TASK REQUIREMENTS – Apart from the images, the entire listing below must be restated word for word.

□ □ □ □ □ □ □

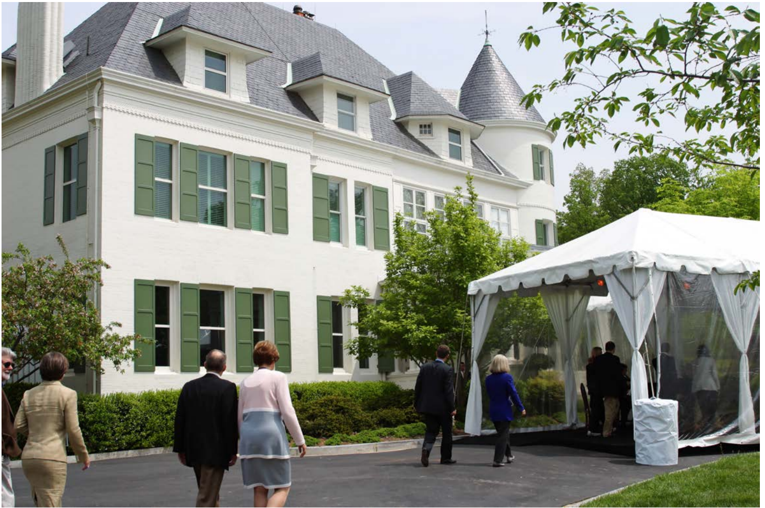
Academy members and delegates gather for a luncheon and symposium hosted by Dr. Lynne V. Cheney, wife of Vice President Dick Cheney, at Number One Observatory Circle, the official residence of the U.S. Vice President.

The entire assembly then traveled by motorcade for the rare privilege of luncheon at the historic Naval Observatory, the official residence of the Vice President of the United States. The gracious hostess of this luncheon was the wife of Vice President Richard Cheney, the distinguished author and commentator Lynne V. Cheney. The hospitality of the Vice President and Mrs. Cheney to the Academy was especially remarkable given the heightened security environment of Washington in wartime.
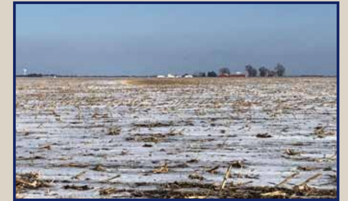
AERIAL & SOIL MAPS ON REVERSE SIDE
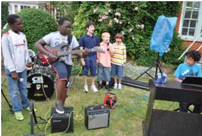
Pop Idols at Play
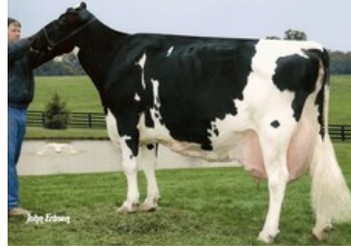
Larcrest Juror Chanel EX-93
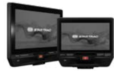
Apex 24 in or 16 in Touchscreen Display
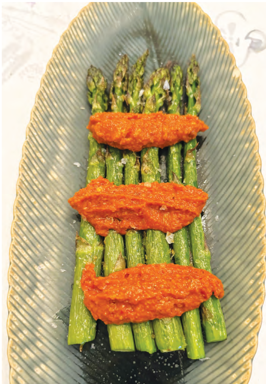
Grilled asparagus with Romesco sauce.

This easy method produces a technically sound romesco sauce. I love to serve it with grilled vegetables. Makes about 2 cups
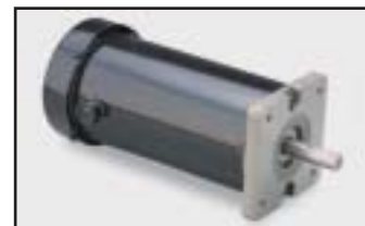
34 Frame, 3.38" diameter
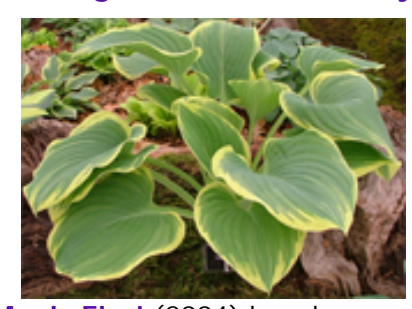
H. 'Magic Fire' (2004) has deeper, more streaked margins and a flame-like twist to the leaves.
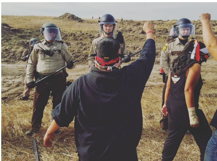
Anishinaabe land defender faces off against North Dakota police forces, Standing Rock 2016

In response to the mobilization against Dakota Access, local and state officials used military tactics to suppress public protest and intimidate water protectors. In May 2017, The Intercept reported on the activities of TigerSwan, a “mercenary” private contractor hired by Energy Transfer Partners to quell the efforts of water defenders at Oceti Sakowin, Standing Rock, North Dakota. 15 The Intercept's initial report — the first in a series of 16 — was based on internal company documents and described illegal actions taken against peaceful Indigenous defenders and misinformation given to local police forces to attack thousands of people encamped near the
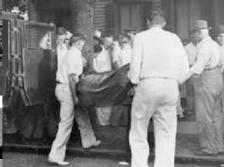
(Above, Right) John Dillinger's body being unloaded at Harvey Funeral Home
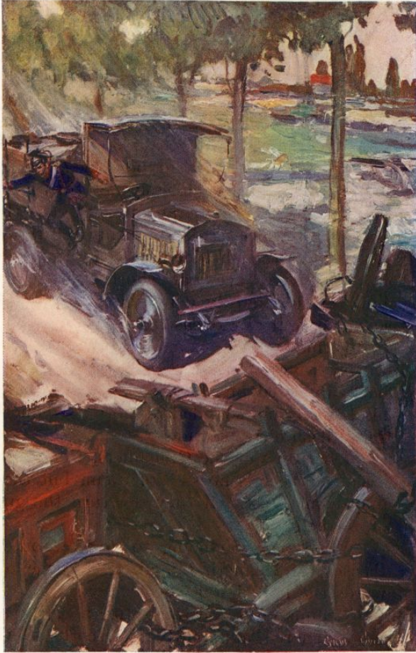
CLEARING THE ROAD
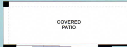
OPTIONAL 15' MULTI-SLIDING GLASS DOOR
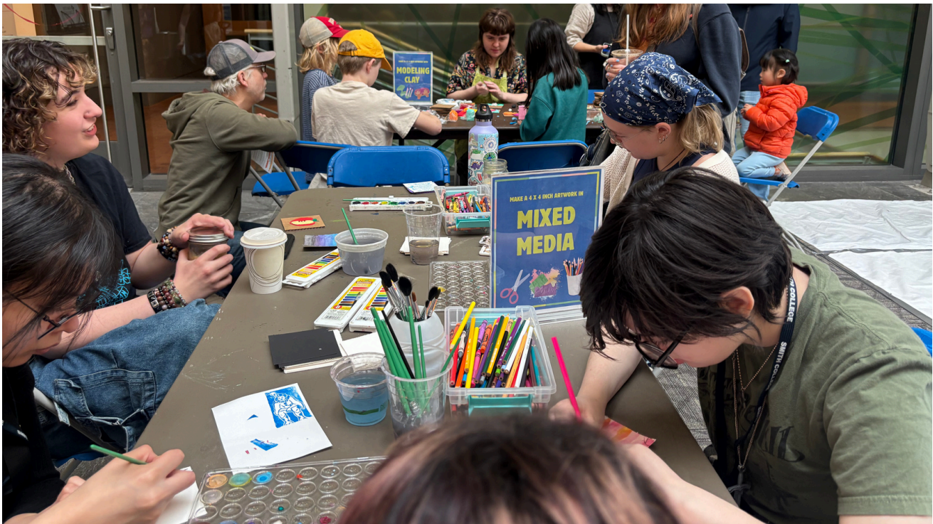
Smith Arts Day, 2025.
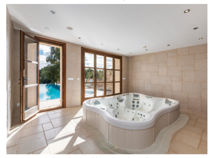
Jacuzzi room with access ot the pool area
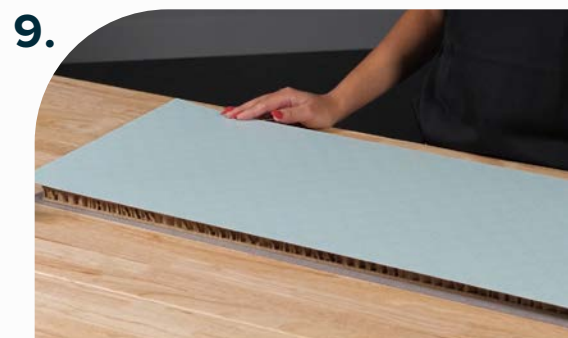
Both sides of Worklite panel are now laminated. This creates balance and avoids warping.
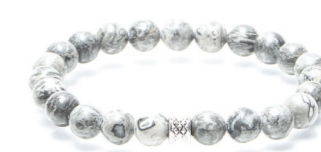
Basic Grey 8mm
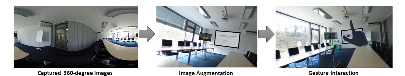
Figure 1: Our virtual reality meeting room using the proposed method.

German Research Center for Artificial Intelligence TU Kaiserslautern
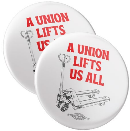
Product design: “Pallet Jack”
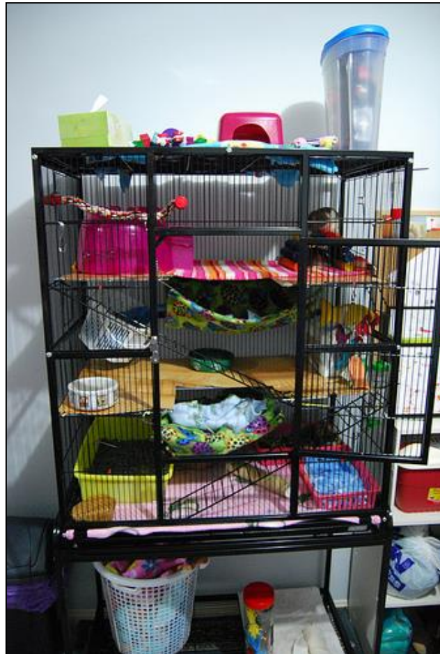
Avi One Cage with levels and ladders added to make it suitable for rats.
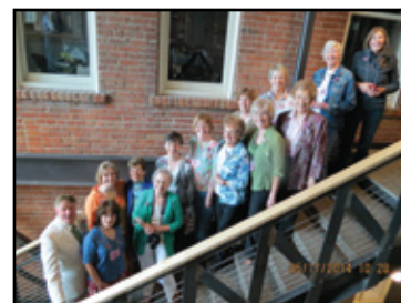
Anaconda Garden Club
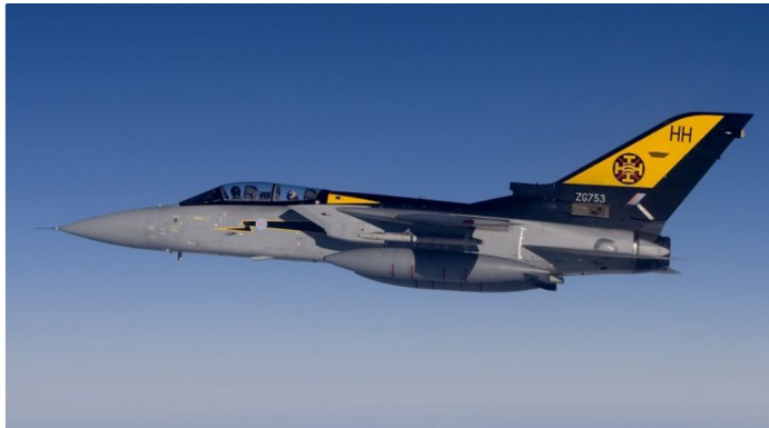
Royal Air Force (RAF) Panavia Tornado F3 of No. 111 Squadron RAF.

Forty-six years ago today, the Panavia Tornado ADV made its first flight, marking the debut of Europe's formidable long-range interceptor. Developed by Panavia Aircraft GmbH as a specialized variant of the Tornado multi-role fighter, the ADV was built to defend the United Kingdom and NATO airspace from Soviet bombers during the Cold War. With its powerful radar, Mach 2.2 top speed, and ability to carry advanced air-to-air missiles, the Tornado F3 became a cornerstone of RAF air defense until its retirement in the early 2010s.
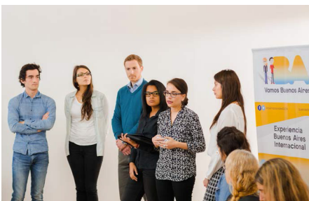
International Policy Cabinet

□ □ □ □ □ □ □

TASK OUTPUT –
Academy members and delegates gather for a luncheon and symposium hosted by Dr. Lynne V. Cheney, wife of Vice President Dick Cheney, at Number One Observatory Circle, the official residence of the U.S. Vice President.

The entire assembly then traveled by motorcade for the rare privilege of luncheon at the historic Naval Observatory, the official residence of the Vice President of the United States. The gracious hostess of this luncheon was the wife of Vice President Richard Cheney, the distinguished author and commentator Lynne V. Cheney. The hospitality of the Vice President and Mrs. Cheney to the Academy was especially remarkable given the heightened security environment of Washington in wartime.
AERIAL & SOIL MAPS ON REVERSE SIDE
Pop Idols at Play
Larcrest Juror Chanel EX-93
Apex 24 in or 16 in Touchscreen Display
Grilled asparagus with Romesco sauce.

This easy method produces a technically sound romesco sauce. I love to serve it with grilled vegetables. Makes about 2 cups
34 Frame, 3.38" diameter
H. 'Magic Fire' (2004) has deeper, more streaked margins and a flame-like twist to the leaves.
Anishinaabe land defender faces off against North Dakota police forces, Standing Rock 2016

In response to the mobilization against Dakota Access, local and state officials used military tactics to suppress public protest and intimidate water protectors. In May 2017, The Intercept reported on the activities of TigerSwan, a “mercenary” private contractor hired by Energy Transfer Partners to quell the efforts of water defenders at Oceti Sakowin, Standing Rock, North Dakota. 15 The Intercept's initial report — the first in a series of 16 — was based on internal company documents and described illegal actions taken against peaceful Indigenous defenders and misinformation given to local police forces to attack thousands of people encamped near the
(Above, Right) John Dillinger's body being unloaded at Harvey Funeral Home
CLEARING THE ROAD
OPTIONAL 15' MULTI-SLIDING GLASS DOOR
Smith Arts Day, 2025.
Jacuzzi room with access ot the pool area
Both sides of Worklite panel are now laminated. This creates balance and avoids warping.
Basic Grey 8mm
Figure 1: Our virtual reality meeting room using the proposed method.

German Research Center for Artificial Intelligence TU Kaiserslautern
Product design: “Pallet Jack”
Avi One Cage with levels and ladders added to make it suitable for rats.
Anaconda Garden Club
Royal Air Force (RAF) Panavia Tornado F3 of No. 111 Squadron RAF.

Forty-six years ago today, the Panavia Tornado ADV made its first flight, marking the debut of Europe's formidable long-range interceptor. Developed by Panavia Aircraft GmbH as a specialized variant of the Tornado multi-role fighter, the ADV was built to defend the United Kingdom and NATO airspace from Soviet bombers during the Cold War. With its powerful radar, Mach 2.2 top speed, and ability to carry advanced air-to-air missiles, the Tornado F3 became a cornerstone of RAF air defense until its retirement in the early 2010s.
International Policy Cabinet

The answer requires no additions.